Supplied material ->
☆ ☆ ☆ ☆ ☆

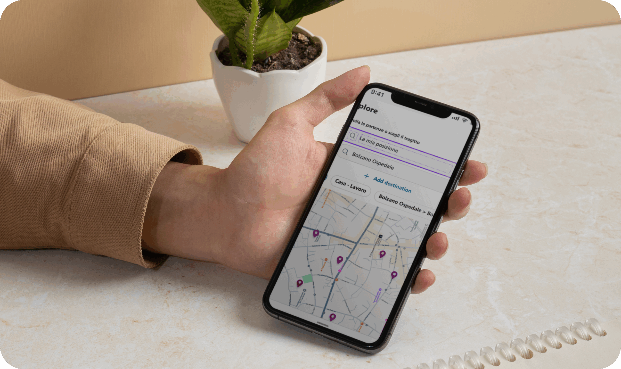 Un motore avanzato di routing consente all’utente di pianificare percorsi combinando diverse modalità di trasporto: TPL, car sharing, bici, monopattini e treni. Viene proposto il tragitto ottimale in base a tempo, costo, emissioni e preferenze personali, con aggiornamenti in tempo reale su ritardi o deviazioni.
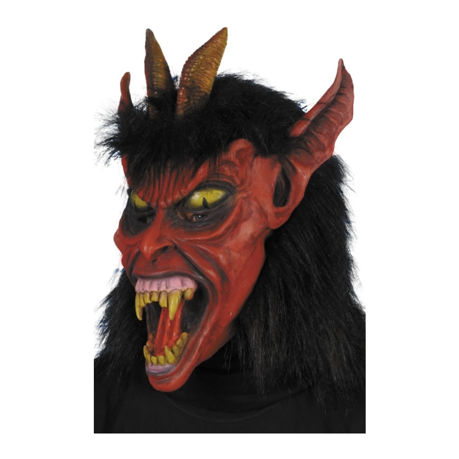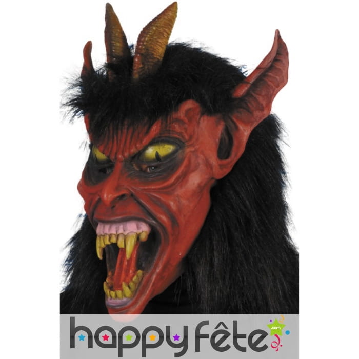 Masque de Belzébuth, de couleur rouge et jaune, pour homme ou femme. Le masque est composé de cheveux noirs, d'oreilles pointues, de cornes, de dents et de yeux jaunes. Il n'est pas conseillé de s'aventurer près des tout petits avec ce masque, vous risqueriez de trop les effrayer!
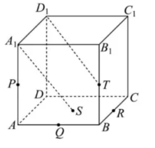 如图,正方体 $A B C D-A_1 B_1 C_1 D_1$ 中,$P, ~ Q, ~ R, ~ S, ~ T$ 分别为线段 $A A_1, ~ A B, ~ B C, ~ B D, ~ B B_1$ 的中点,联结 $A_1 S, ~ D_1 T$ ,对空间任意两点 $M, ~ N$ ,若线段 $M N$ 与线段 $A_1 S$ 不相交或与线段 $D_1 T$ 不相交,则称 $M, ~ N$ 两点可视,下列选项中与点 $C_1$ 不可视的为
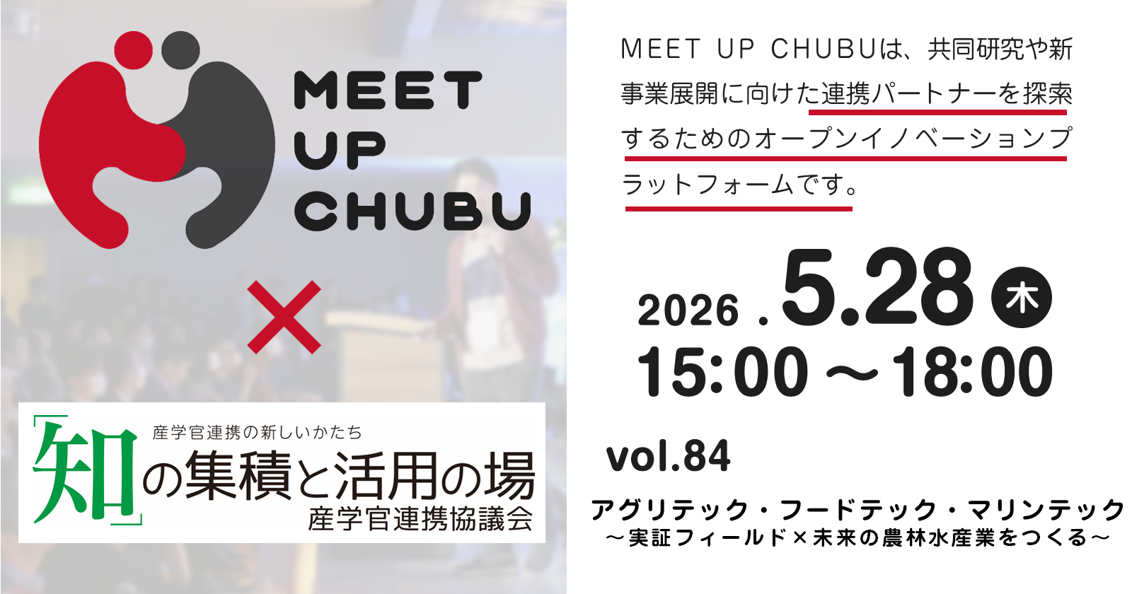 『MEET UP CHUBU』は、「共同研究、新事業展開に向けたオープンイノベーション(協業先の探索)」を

☆ ☆ ☆ ☆ ☆

Problem description ->
Transcribe the span of lines that runs from the line with "如图,正方体 $A B" to the end of the data, both ends included, exactly, with nothing else and no pictures.

Exercise answer ->
 如图,正方体 $A B C D-A_1 B_1 C_1 D_1$ 中,$P, ~ Q, ~ R, ~ S, ~ T$ 分别为线段 $A A_1, ~ A B, ~ B C, ~ B D, ~ B B_1$ 的中点,联结 $A_1 S, ~ D_1 T$ ,对空间任意两点 $M, ~ N$ ,若线段 $M N$ 与线段 $A_1 S$ 不相交或与线段 $D_1 T$ 不相交,则称 $M, ~ N$ 两点可视,下列选项中与点 $C_1$ 不可视的为
 『MEET UP CHUBU』は、「共同研究、新事業展開に向けたオープンイノベーション(協業先の探索)」を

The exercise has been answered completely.